Relevance in Metabolism and Disease
The regulation of Acetyl-CoA carboxylase is closely linked to metabolic health, and its dysregulation is implicated in several common diseases. In conditions like obesity and type 2 diabetes, ACC activity is often inappropriately high. This leads to excessive de novo fatty acid synthesis, contributing to the accumulation of fat in the liver (non-alcoholic fatty liver disease) and adipose tissue, and can worsen insulin resistance.

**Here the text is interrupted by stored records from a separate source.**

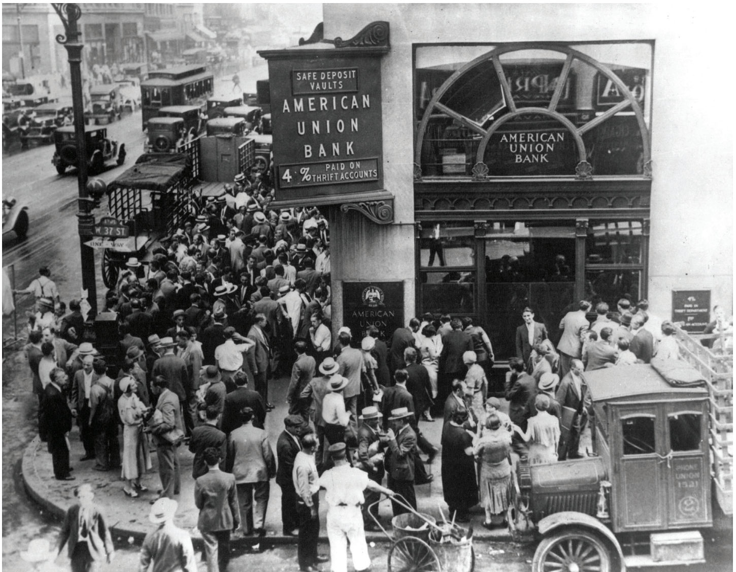
Depositors run on American Union Bank early in the Great Depression in the aftermath of the stock market crash in 1929.

This severe contraction of the money supply was a painful learning experience for the Federal Reserve. As Schwartz and Friedman pointed out, had the Federal Reserve issued outside money at short notice by purchasing the illiquid assets of the banking system (that is, by making widespread loans to struggling banks), it could have prevented the destruction of inside money associated with bank runs.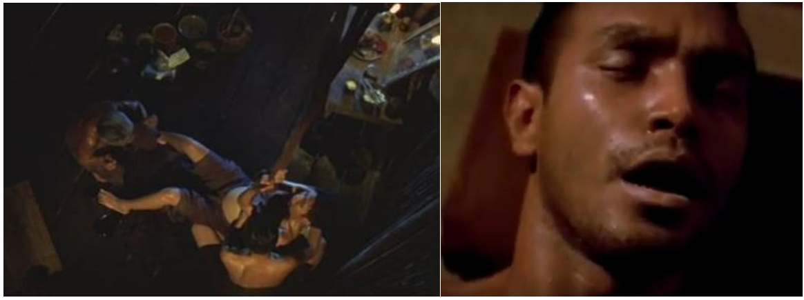
Figure 44 Nang Nak

Dumplings : Mei obtains the foeti for her rejuvinating dumplings from an abortion clinic in Shenzen on the mainland (left). When she carries the illicit ingredients through customs (the geopolitical borders of China and Hong Kong) the camera again provides a truncated close-up shot of Mei's hand (centre). The alternative to procuring the foeti from across the border is for Mei to perform black market abortions (right).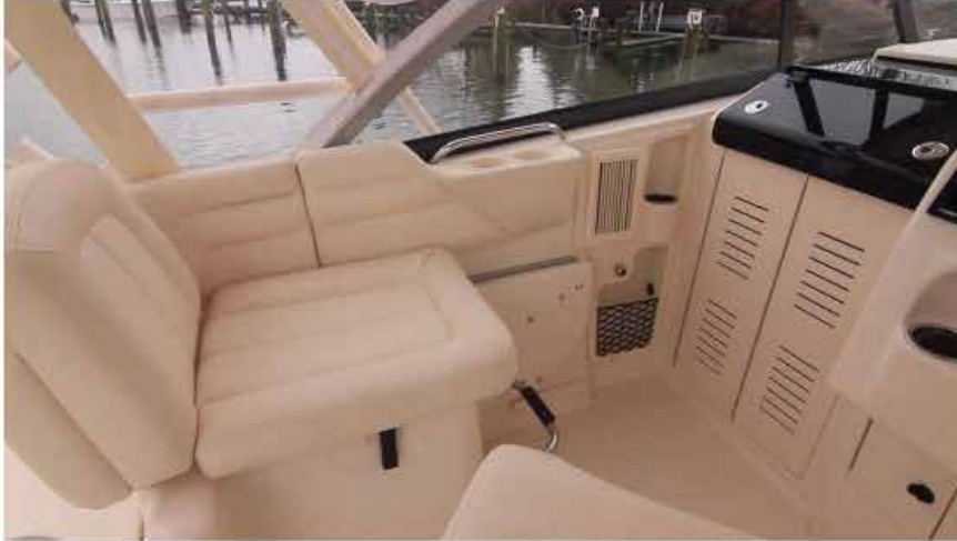
Here the port side seating can be seen in the traditional forward-facing configuration.

Located on the port side is a traditional seat for one that easily converts into a mini-lounger. This location also provides access to the companionway's folding doors and the cabin below. Under the seat is a 56-quart (53 L) cooler. When the port side seat was reconfigured, it allowed easier passage through to the cabin entrance and more luxurious seat cushions throughout the helm and all seating areas.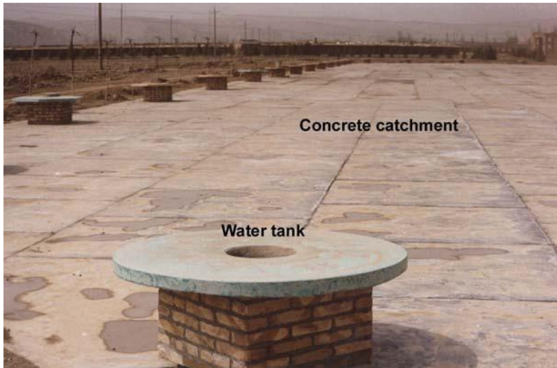
Water tank in Zambia.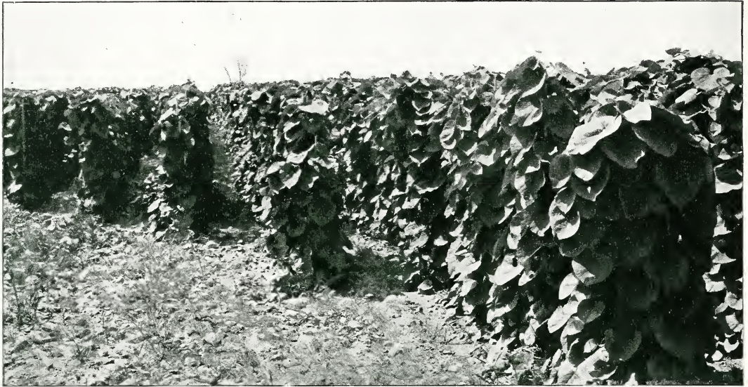
Dutchman's Pipe at Newark. Real he plants. True Aristolochia siphon

Furthermore, many types of cancer cells display a heightened reliance on fatty acid synthesis to support their rapid growth and proliferation. These cells often show increased ACC1 activity to produce the lipids required for building new cell membranes. This dependency has made ACC a significant area of interest for drug development. Researchers are actively developing inhibitors that target ACC with the goal of creating new therapeutic strategies for treating metabolic disorders and certain types of cancer by controlling the synthesis of fatty acids.